Segment Start: SUPPLIED MATERIAL

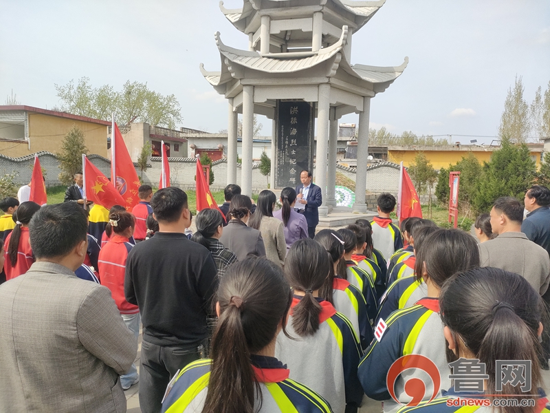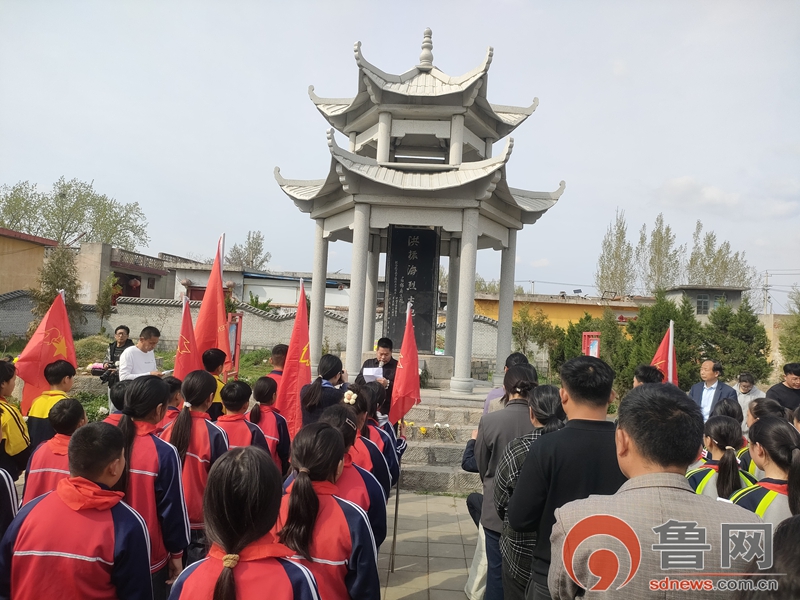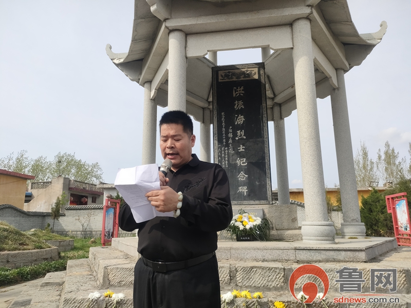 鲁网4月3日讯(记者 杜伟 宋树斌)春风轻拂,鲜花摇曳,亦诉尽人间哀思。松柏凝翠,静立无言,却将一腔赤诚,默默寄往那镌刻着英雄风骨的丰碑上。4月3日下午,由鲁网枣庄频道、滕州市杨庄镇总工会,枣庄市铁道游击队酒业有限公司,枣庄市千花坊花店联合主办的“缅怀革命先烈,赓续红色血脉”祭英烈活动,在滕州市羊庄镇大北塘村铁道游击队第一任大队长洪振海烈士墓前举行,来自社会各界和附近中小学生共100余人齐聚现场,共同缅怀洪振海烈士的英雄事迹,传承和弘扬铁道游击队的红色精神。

Segment End: SUPPLIED MATERIAL
Segment Start: SUPPLIED MATERIAL

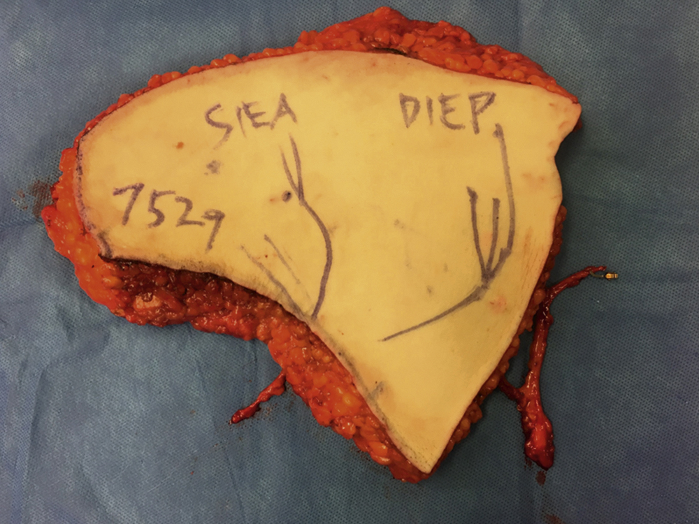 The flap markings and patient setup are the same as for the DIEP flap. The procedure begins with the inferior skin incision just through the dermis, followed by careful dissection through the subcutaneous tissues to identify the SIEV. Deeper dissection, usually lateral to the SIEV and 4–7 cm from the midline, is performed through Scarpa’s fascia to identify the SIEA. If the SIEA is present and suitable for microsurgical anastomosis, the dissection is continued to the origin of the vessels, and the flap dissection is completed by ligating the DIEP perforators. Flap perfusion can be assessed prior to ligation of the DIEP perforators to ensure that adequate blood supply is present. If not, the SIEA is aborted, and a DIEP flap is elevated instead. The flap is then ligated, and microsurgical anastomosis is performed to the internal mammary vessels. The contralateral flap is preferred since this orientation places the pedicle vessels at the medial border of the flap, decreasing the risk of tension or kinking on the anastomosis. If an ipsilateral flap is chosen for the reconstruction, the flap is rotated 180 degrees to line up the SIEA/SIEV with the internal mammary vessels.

Segment End: SUPPLIED MATERIAL
Segment Start: SUPPLIED MATERIAL

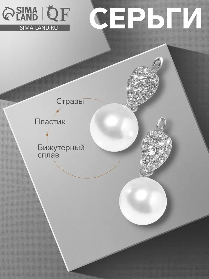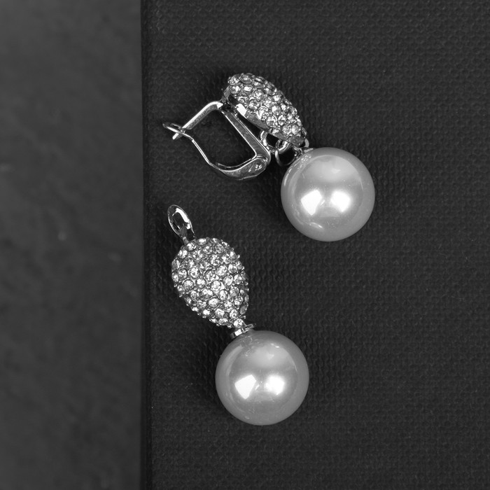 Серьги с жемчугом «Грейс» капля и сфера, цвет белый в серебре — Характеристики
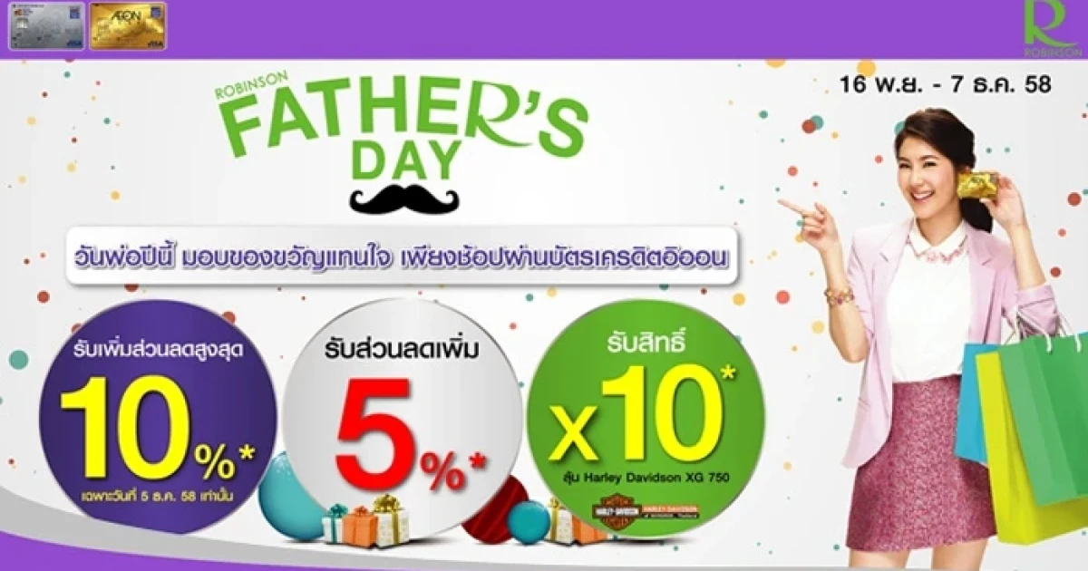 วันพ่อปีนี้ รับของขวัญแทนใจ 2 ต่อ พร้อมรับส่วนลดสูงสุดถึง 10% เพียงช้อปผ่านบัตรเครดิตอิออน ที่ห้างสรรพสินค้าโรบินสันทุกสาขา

Segment End: SUPPLIED MATERIAL

TO DO → Pictures excluded, reproduce only the part above that opens with the line holding "Серьги с жемчугом" and closes with the line holding "วันพ่อปีนี้ รับของขวัญแทนใจ 2", exactly as written.

WRITTEN ANSWER →
 Серьги с жемчугом «Грейс» капля и сфера, цвет белый в серебре — Характеристики
 วันพ่อปีนี้ รับของขวัญแทนใจ 2 ต่อ พร้อมรับส่วนลดสูงสุดถึง 10% เพียงช้อปผ่านบัตรเครดิตอิออน ที่ห้างสรรพสินค้าโรบินสันทุกสาขา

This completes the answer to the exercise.